Portaratrum Guerrero-Kommritz, 2003

Genus Portaratrum Guerrero-Kommritz, 2003 View in CoL

Portaratrum: Guerrero-Kommritz (2003) View in CoL ; Guerrero-Kommritz and Brandt (2005): 294 (familial status regarded as incertae cedis)

Diagnosis (see Guerrero-Kommritz 2003, incorporating genus description)

Additions/modifications: pleonite-5 sternite with ventrally-directed spur. Pleotelson subpentagonal, narrower at join with pleon. Mandible molar spines in coronal or subcoronal array. Maxilliped endite with distolateral lobe and distomedial rounded tubercle. Cheliped coxal sclerite massive, posterior to basis, not fused ventromedially, separated by medial sclerite; basis with small free posterior lobe; palm superior and inferior margins sub-parallel, with two inferior setae. Pereopods 1–3 with coxa (bearing seta). Pereopods 4–6 with coxa indistinct/fused (and naked); carpus with three bayonet spines and one seta. Pleopod rami narrow, without proximal setae. Preparatory male similar to female but antennule broader than female, four-articled.

Composition

Portaratrum afer Guerrero-Kommritz, 2003 ; Portaratrum holdichi n. sp.; P. fascinatus Guerrero-Kommritz, 2003

This genus may also include Leptognathia zezinae Kudinova-Pasternak, 1973 , but this requires confirmation; the taxon should retain its generic name until this is done (see below).

Remarks

Although Guerrero-Kommritz (op. cit.) originally placed Portaratrum within the Colletteidae , in his later phylogeny ( Guerrero-Kommritz and Brandt 2005) it was revealed as a sister taxon to the Agathotanaidae Lang , rather than as a nominal colletteid (represented by Collettea Lang 1974 in that analysis); it was therefore regarded, though not formally designated, as incertae sedis. This is not unexpected as the cheliped-cephalothorax articulation is close to that of agathotanaids and the pleotelson is subpentagonal (narrower at junction with the pleon – a character consistent among the agathotanaids as well as several other genera of indefinite classification). Although Guerrero-Kommritz reported the cheliped as being ‘fused’ with the cephalothorax this is unlikely as he figured a basis-cephalothorax suture as well as a free posterior lobe in both species – the same configuration as seen in the new species described below. While this does approach the agathotanaid condition where the basis completely lacks a free lobe, the (coxal) sclerites in Portaratrum are separated by a sternal sclerite, and these are confluent or fused in agathotanaids ( Bird and Holdich 1988, Figure 2 View Figure 2 ; 1989a, Figure 1 View Figure 1 ; Bird 2010, Figure 4a View Figure 4 ). A similar configuration occurs in Leptognathioides and the two genera are very similar in many respects of mouthpart, cheliped, pereopod, pleopod, and uropod morphology.

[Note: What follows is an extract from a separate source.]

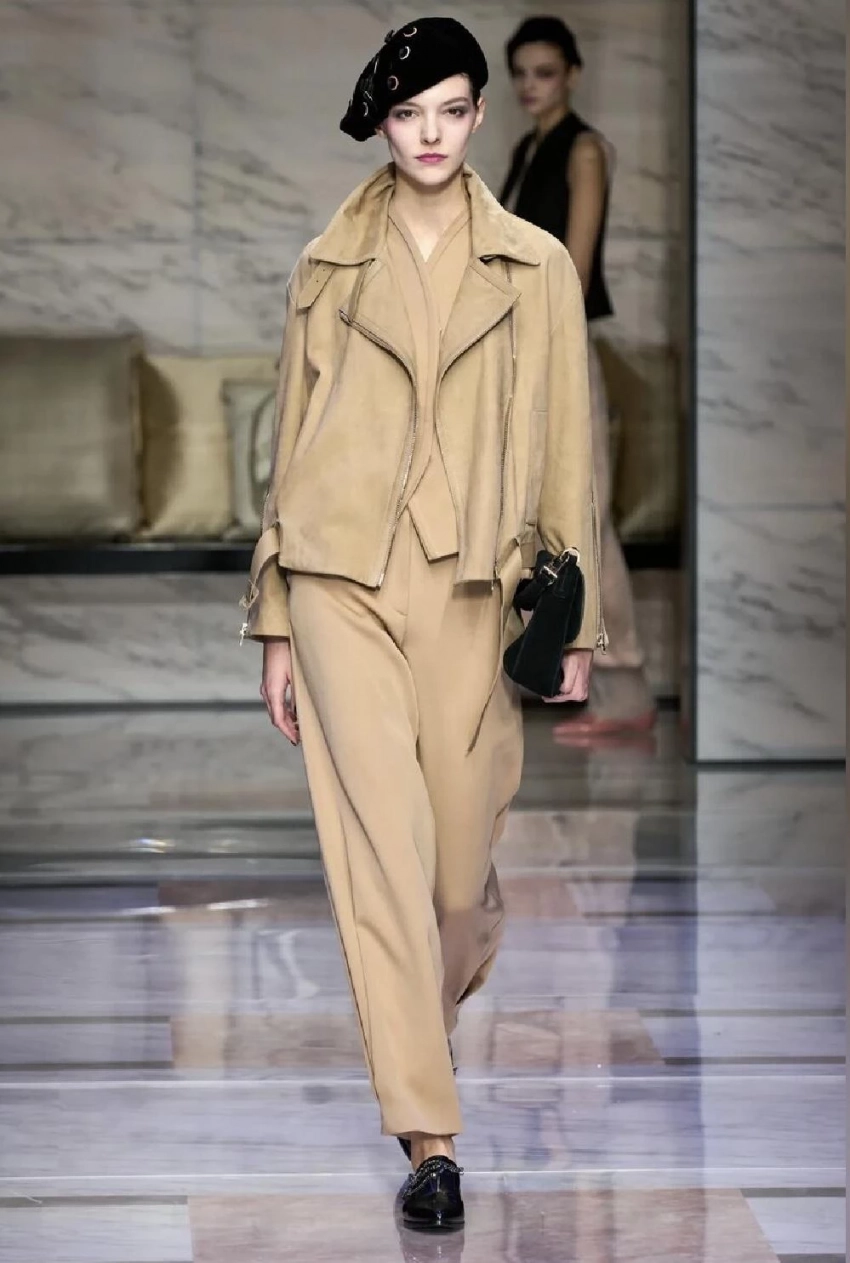 Если хочется женственности и изящества, присмотритесь к беретам от Giorgio Armani. Их носят с брючными костюмами свободного кроя и обувью на плоском ходу. Для вечерних выходов под костюм можно надеть структурированное бра того же цвета, что и берет — это создаст изысканную и стильную рифму.

The pattern of occurrence of pereopodal coxae was used as a phylogenetic ‘character’ by Larsen and Wilson 2002, although proof of these structures, particularly for pereopods 4–6, is often extremely difficult with light-microscopy. Lack of a coxa on these last three pairs was one diagnostic for the family Colletteidae (although not unique), but in the original description ( Guerrero-Kommritz 2003: 282) coxae were stated to be absent from all six pairs. This is most unlikely to be the case as, in the new species described below, pereopods 1–3 exhibit a typical annular coxa that bears an anterior seta while that of pereopods 4–6 is indistinct (seemingly fused with the pereon) and lacking setae.

In many other respects, the morphology of Portaratrum does fit with the diagnosis for the Colletteidae given by Larsen (2005, p. 147–148) but the family appears to be excessively heterogeneous and the phylogenetic analysis given by Guerrero- Kommritz and Brandt (2005) only included this genus and the type, Collettea . Almost at the same time as that analysis, eighteen genera (including Portaratrum ) were known in the family and usefully keyed by Błażewicz-Paszkowycz (2005). At best, Portaratrum might be considered ‘colletteoid’.

Males of P. holdichi n. sp. are the first to be recorded for this genus, described below, but it is unclear if they are truly ‘preparatory’ or terminal, or whether dimorphic natatory males exist at all for this taxon.

The two previously described abyssal species are from widely separated ocean regions, P. afer from the Angola Basin and P. fascinatus from the eastern tropical Pacific, south of the Galapagos Islands. I have recently recorded an undescribed species at bathyal depths off the eastern margin of North Island, New Zealand. This might imply that the genus is present over a wide intervening area, and a broader depth range, especially if L. zezinae from the Gulf of Alaska is shown to belong in the genus. This last taxon is close to P. holdichi n. sp. (see below) in habitus, mandible, maxilliped, cheliped, and pleopod morphology, but new material is required to confirm if it has, or has not, a pleonal spur.